Mainly applied in the field of servers, memory hot-swap technology improves availability and maintainability of a server. According to the memory hot-swap technology, a server includes a hardware layer, a Basic Input Output System (BIOS) layer, an operating system Operating System (OS) (which may further includes a Virtual Machine Monitor (VMM)) layer. The VMM layer includes at least two memory modules. FIG. 1 shows relationships between the layers. In the logical structure that is shown, the hardware layer provides physical resources that are actually available; the BIOS layer configures these physical resources, reports available resources, and provides an operation interface; the OS may directly use the resources reported by the BIOS, or the VMM virtualizes the resources and then allocates the virtualized resources to the OS for use, that is, the OS is an ultimate user of these resources. In a memory hot-swap technology, the hardware layer provides substantive memory modules and access channels; the BIOS layer initializes a memory, allocates addresses, and reports available addresses to the OS or the VMM; and finally the OS runs a program in or stores data into the memory. Memory hot-swap includes two processes: memory hot-add and memory hot-remove.

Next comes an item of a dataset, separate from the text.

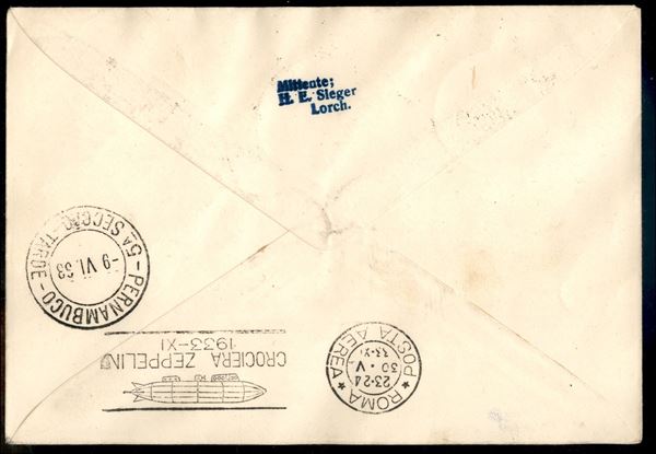Tripolitania - Volo di ritorno Roma Friedrichshafen 29/30 maggio 1933 (Longhi 698 - Michel 304Gcb) busta affrancata con il 12 lire per Pernambuco - Diena + Bolaffi

In the prior art, when memory hot-remove is performed, the OS first needs to migrate data at memory addresses that is to be hot-removed to other memory addresses. However, each time before the OS migrates a memory page, the OS needs to gain control of the page and suspends access of another program. Therefore, if to-be-migrated user data is frequently accessed by another program, it takes the OS some time to gain control of the memory page each time. Subsequently, it takes a long time to complete data migration for an entire memory module.
In summary, memory data migration depends closely on the OS, and data distribution and a memory data migration capability that are of the OS may affect success or failure of memory data migration. Therefore, how to implement convenient data migration of a memory module becomes a problem to be urgently addressed currently.